- **WORK INSTRUCTIONS**
In the records below, begin at the line containing "汉峪金谷项目工地发放降温防暑药品。 本报记者 任丽媛 摄" and end at the line containing "PoliticsDx lets you"; quote every line in that span exactly, including both boundary lines, and no others.

- **SUPPLIED INFORMATION**
********
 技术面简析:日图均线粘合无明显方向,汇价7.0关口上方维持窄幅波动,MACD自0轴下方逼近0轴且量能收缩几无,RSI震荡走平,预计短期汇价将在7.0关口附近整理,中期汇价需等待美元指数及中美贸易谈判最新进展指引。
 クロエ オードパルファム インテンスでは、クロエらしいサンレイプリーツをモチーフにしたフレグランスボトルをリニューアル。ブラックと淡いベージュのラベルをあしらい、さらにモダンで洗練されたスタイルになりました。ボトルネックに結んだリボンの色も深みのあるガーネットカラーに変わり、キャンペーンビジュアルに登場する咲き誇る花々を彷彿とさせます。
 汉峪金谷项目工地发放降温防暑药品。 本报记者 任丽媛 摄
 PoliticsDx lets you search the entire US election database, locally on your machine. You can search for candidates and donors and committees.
********
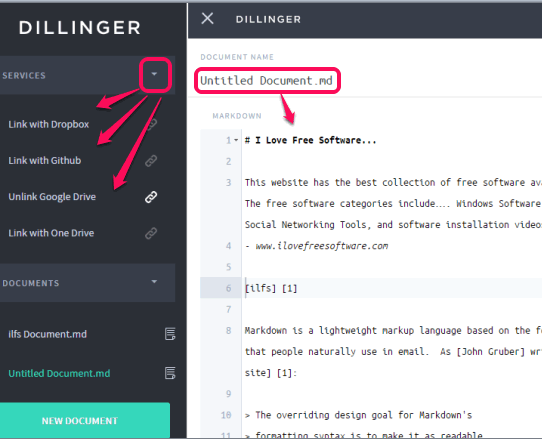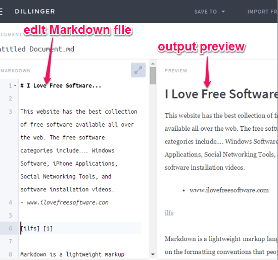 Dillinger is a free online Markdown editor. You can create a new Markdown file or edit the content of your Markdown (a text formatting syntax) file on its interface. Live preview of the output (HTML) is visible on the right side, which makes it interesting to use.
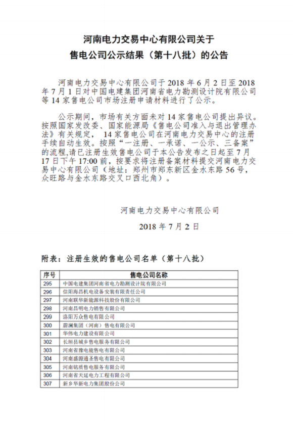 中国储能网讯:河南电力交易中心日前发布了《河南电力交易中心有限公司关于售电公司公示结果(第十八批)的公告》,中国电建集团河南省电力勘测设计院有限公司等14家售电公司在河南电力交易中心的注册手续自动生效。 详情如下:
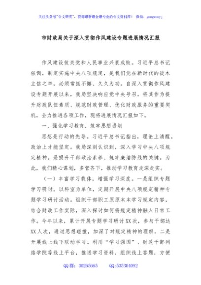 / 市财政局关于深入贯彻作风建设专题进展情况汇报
********
- **REPLY**
 汉峪金谷项目工地发放降温防暑药品。 本报记者 任丽媛 摄
 PoliticsDx lets you search the entire US election database, locally on your machine. You can search for candidates and donors and committees.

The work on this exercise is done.